Effect of Ce and La dopants in Co3O4 nanorods on the catalytic activity of CO and C3H6 oxidation

Abstract

Ce and La doped Co₃O₄ nanorod catalysts were prepared and their catalytic activity for CO and C₃H₆ oxidation reactions was examined. XRD, TEM, XPS, TPR, TGA and in situ DRIFTS have been used to characterize structural properties, reducibility, mobility of adsorbed oxygen and lattice oxygen, and surface intermediates for both CO and C₃H₆ oxidation. When doping with either Ce or La, the cations occupy the Co²⁺ sites in Co₃O₄. XPS, TPR, and TGA characterization showed that the Ce dopant decreased the ratio of surface adsorbed oxygen to lattice oxygen, and facilitated the extraction of adsorbed oxygen and lattice oxygen with hydrogen from CeO₂–Co₃O₄ in comparison to Co₃O₄, while the La dopant caused the opposite effect. The light-off performance for both CO and C₃H₆ oxidations has been improved due to Ce doping on Co₃O₄, while the doping of La actually inhibited the oxidation activity of the Co₃O₄ catalyst.

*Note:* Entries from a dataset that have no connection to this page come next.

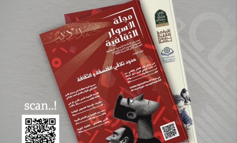أعلنت المكتبة الرئيسية للمطالعة العمومية محمد ديب تلمسان عن صدور العددين 3/4 من مجلتها الثقافية “الأسوار” لسنة 2025، تحت عنوان: “حدود تلاقي الفلسفة والثقافة”، وذلك في إطار مواصلة جهودها الرامية إلى نشر المعرفة وتعزيز ثقافة القراءة وتوسيع فضاءات الحوار الفكري داخل المجتمع.
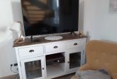 Erdgeschoß: jeweils ein offener Wohn/Essbereich mit Kamin, Sitzecke (Fernseher), Eßecke und integrierte Küche mit Geschirrspüler, Kühlschrank mit Gefrierfach, Herd, Backofen, Wasserkocher und Kaffeemachine.
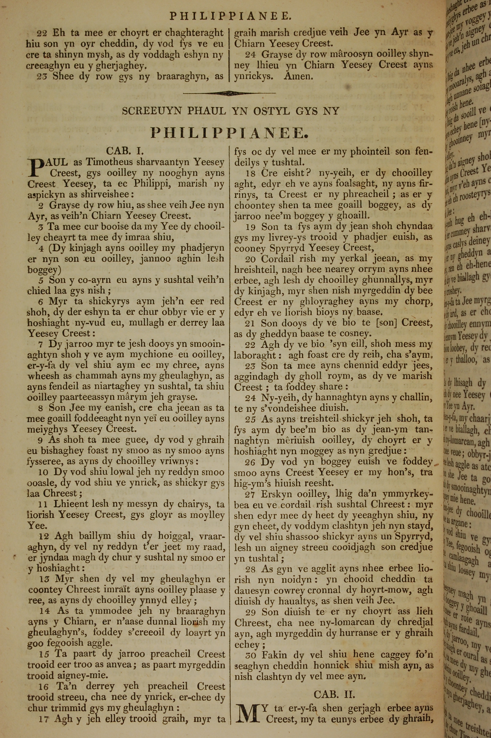 1819年曼島語聖經 腓立比書 1 章 1 節到 2 章 1 節

Similar catalytic activity facilitation and inhibition of Ce and La dopants were also observed for the simultaneous oxidation of CO, C₃H₆, and NO under the conditions of simulated diesel exhaust. The results of in situ DRIFTS suggested that bidentate carbonate species could be the key intermediates of CO oxidation, which would further react with CO to form CO₂. The results of DRIFTS showed that the mobility of lattice oxygen plays an important role in the C₃H₆ oxidation. A mechanism was proposed where the formate and acetate species could be the reaction intermediates of C₃H₆ oxidation, and these intermediates are more stable on La₂O₃–Co₃O₄ than on Co₃O₄ and CeO₂–Co₃O₄ catalysts.